-------- DATA EXTRACT --------

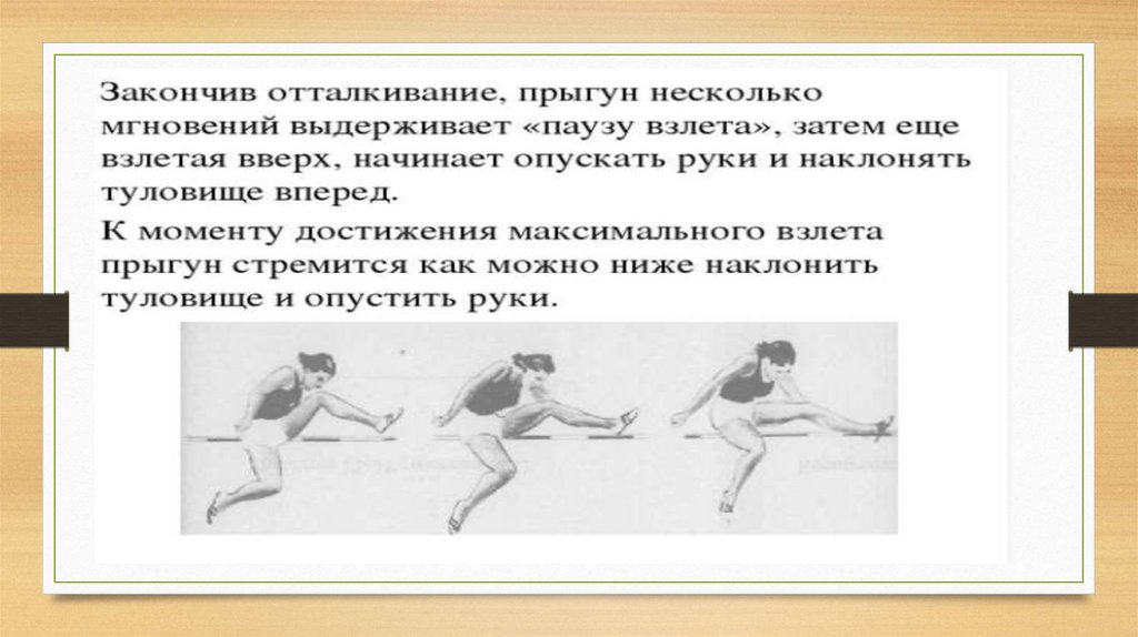 • На последнем шаге прыгун несколько «приседает» и
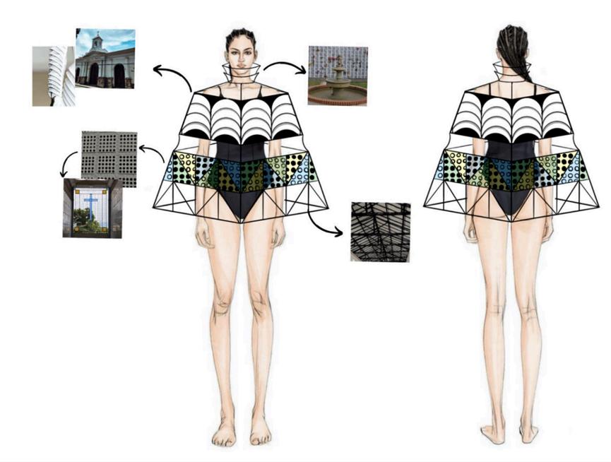 El Cementerio Católico de Bucaramanga, examina cómo las texturas y los colores de la arquitectura colonial pueden ser reinterpretados en el diseño de moda para crear prendas envolventes únicas y evocativas.
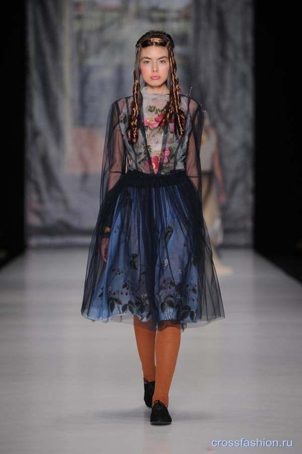 Не знаю как вам, а мне очень понравилось это местами странное нагромождение вязаных вещей, тюля, вышивки и аппликации. Понравилось, что модная нынче тема ретро не эксплуатируется так откровенно и дословно, что пышные юбки и платья дополнены современными аксессуарами — рюкзаками и поясами, что обувь сплошь вся удобная и без претензий на сексуальность. Понравились эти тонкие, женственные образы еще больше усиленные кукольными париками и съехавшими, как будто детскими колготками.
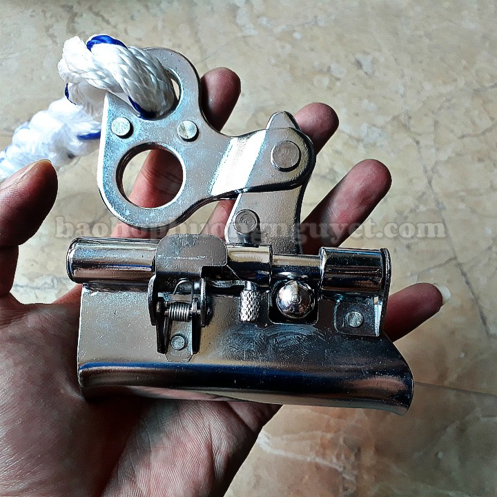 - Dây an toàn: Nối trực tiếp với khóa cứu sinh phòng các tình huống rủi ro thì ổ khóa sẽ lập tức khóa lại giữ chặt người trên dây cứu sinh.
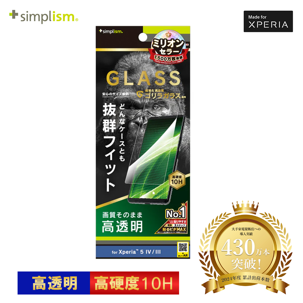 Simplism Xperia 5 IV / 5 III フルクリア ゴリラガラス 高透明 画面保護強化ガラス
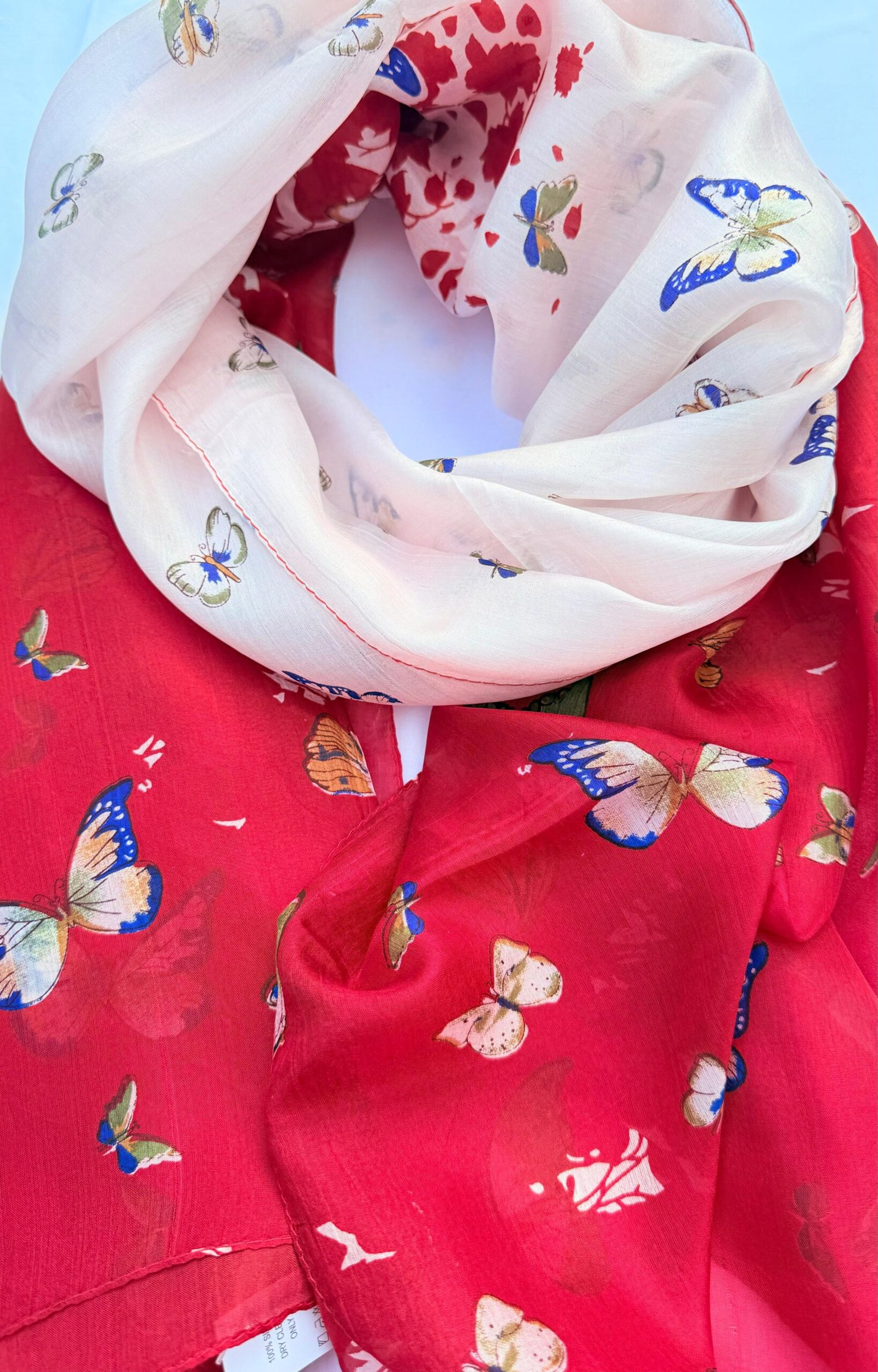 Ivory and cherry red scattered with delicate butterflies—graceful and full of whimsy.

--------

WORK TASK
Produce a verbatim copy of all records, minus pictures.

OUTPUT BELOW
 • На последнем шаге прыгун несколько «приседает» и
 El Cementerio Católico de Bucaramanga, examina cómo las texturas y los colores de la arquitectura colonial pueden ser reinterpretados en el diseño de moda para crear prendas envolventes únicas y evocativas.
 Не знаю как вам, а мне очень понравилось это местами странное нагромождение вязаных вещей, тюля, вышивки и аппликации. Понравилось, что модная нынче тема ретро не эксплуатируется так откровенно и дословно, что пышные юбки и платья дополнены современными аксессуарами — рюкзаками и поясами, что обувь сплошь вся удобная и без претензий на сексуальность. Понравились эти тонкие, женственные образы еще больше усиленные кукольными париками и съехавшими, как будто детскими колготками.
 - Dây an toàn: Nối trực tiếp với khóa cứu sinh phòng các tình huống rủi ro thì ổ khóa sẽ lập tức khóa lại giữ chặt người trên dây cứu sinh.
 Simplism Xperia 5 IV / 5 III フルクリア ゴリラガラス 高透明 画面保護強化ガラス
 Ivory and cherry red scattered with delicate butterflies—graceful and full of whimsy.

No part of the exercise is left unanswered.